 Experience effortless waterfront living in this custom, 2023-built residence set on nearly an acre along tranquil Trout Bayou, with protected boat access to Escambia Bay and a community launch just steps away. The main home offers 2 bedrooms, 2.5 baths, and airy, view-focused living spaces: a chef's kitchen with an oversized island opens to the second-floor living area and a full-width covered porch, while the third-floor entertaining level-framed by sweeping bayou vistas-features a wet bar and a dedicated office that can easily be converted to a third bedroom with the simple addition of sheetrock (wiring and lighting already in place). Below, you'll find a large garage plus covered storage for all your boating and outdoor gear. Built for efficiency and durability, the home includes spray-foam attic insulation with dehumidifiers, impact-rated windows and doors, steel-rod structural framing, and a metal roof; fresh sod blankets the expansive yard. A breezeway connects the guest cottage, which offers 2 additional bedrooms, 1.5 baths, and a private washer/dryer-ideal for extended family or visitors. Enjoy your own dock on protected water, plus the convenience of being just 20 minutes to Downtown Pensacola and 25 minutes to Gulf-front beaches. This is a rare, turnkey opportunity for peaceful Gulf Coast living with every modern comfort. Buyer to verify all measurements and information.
--
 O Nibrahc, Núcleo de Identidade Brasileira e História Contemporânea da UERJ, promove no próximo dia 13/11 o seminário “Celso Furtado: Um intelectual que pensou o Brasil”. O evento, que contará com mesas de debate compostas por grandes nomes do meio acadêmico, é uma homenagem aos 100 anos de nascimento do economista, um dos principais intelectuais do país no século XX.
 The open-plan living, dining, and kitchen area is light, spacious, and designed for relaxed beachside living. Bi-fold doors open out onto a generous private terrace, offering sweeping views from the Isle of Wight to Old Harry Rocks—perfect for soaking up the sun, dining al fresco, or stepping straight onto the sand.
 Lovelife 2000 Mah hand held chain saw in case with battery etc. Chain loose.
* * *
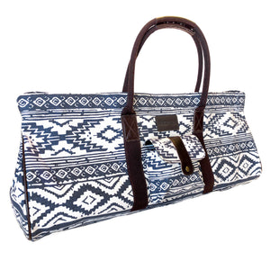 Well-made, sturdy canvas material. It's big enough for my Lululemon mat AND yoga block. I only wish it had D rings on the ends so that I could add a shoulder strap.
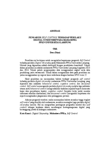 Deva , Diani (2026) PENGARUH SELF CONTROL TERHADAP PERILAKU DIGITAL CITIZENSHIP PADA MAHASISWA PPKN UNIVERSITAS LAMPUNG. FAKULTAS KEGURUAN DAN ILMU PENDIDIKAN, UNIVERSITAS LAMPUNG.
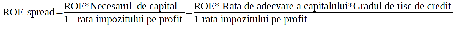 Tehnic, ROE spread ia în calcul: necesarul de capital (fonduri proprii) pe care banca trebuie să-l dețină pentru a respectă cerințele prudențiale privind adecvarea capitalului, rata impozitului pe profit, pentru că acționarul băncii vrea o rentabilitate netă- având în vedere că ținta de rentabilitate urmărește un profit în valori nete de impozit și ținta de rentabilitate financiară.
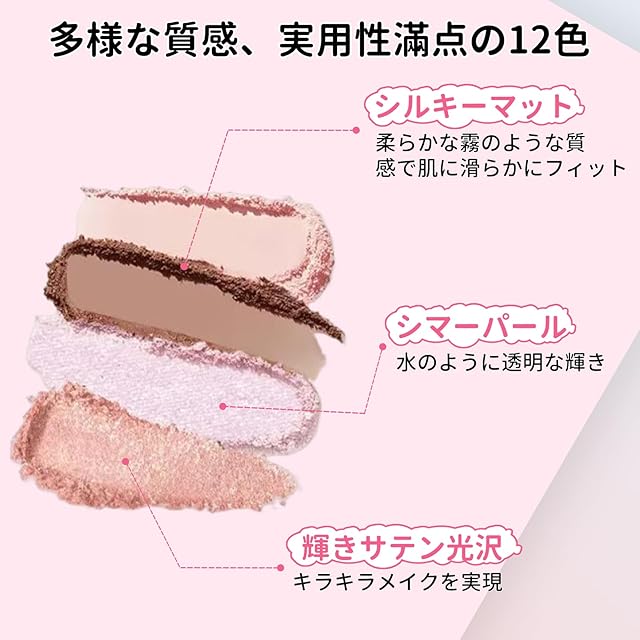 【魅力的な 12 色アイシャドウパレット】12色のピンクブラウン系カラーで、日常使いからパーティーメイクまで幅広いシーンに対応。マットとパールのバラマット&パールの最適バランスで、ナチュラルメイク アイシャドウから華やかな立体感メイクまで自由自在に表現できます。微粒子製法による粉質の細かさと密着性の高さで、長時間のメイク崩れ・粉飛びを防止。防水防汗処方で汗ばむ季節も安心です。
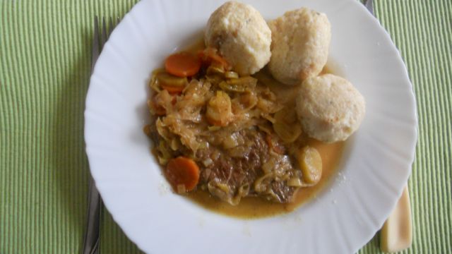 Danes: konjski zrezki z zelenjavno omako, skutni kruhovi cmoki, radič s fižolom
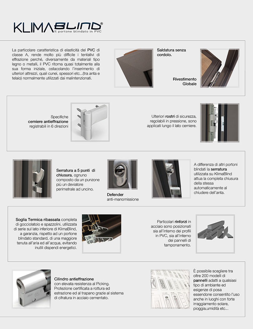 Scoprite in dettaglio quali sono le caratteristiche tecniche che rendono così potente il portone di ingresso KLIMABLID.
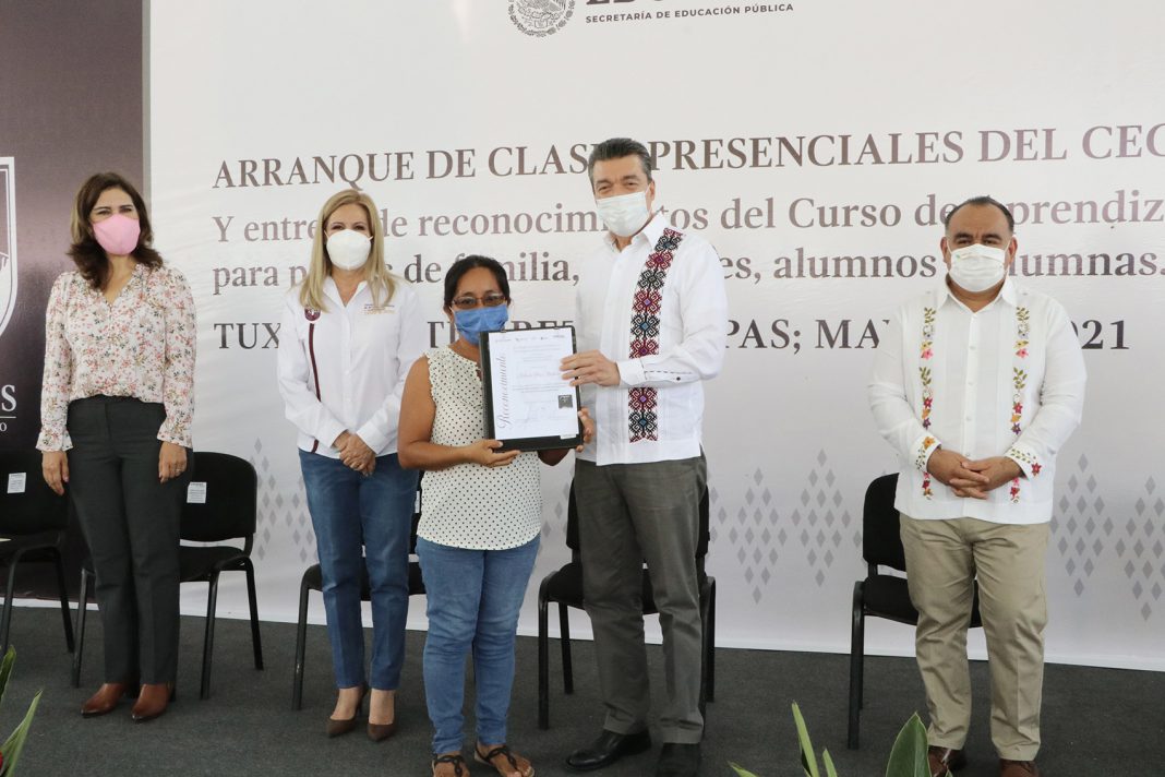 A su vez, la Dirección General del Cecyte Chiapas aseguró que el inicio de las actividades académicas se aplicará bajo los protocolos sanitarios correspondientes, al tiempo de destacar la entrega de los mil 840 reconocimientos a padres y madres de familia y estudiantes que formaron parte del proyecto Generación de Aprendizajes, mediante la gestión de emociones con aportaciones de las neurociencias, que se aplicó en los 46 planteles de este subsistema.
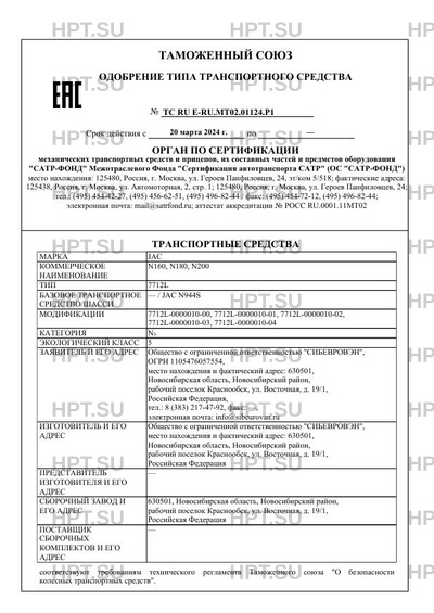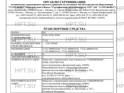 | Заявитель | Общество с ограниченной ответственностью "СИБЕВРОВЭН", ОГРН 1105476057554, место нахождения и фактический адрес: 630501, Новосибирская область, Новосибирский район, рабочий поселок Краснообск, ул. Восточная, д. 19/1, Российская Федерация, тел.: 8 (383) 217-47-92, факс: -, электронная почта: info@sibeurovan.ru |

→ **Description of the task**: Reproduce exactly the entries above, limited to the lines from the one with "The open-plan living, dining, and" through the one with "Lovelife 2000 Mah", both included.

→ **Exercise solution**:
 The open-plan living, dining, and kitchen area is light, spacious, and designed for relaxed beachside living. Bi-fold doors open out onto a generous private terrace, offering sweeping views from the Isle of Wight to Old Harry Rocks—perfect for soaking up the sun, dining al fresco, or stepping straight onto the sand.
 Lovelife 2000 Mah hand held chain saw in case with battery etc. Chain loose.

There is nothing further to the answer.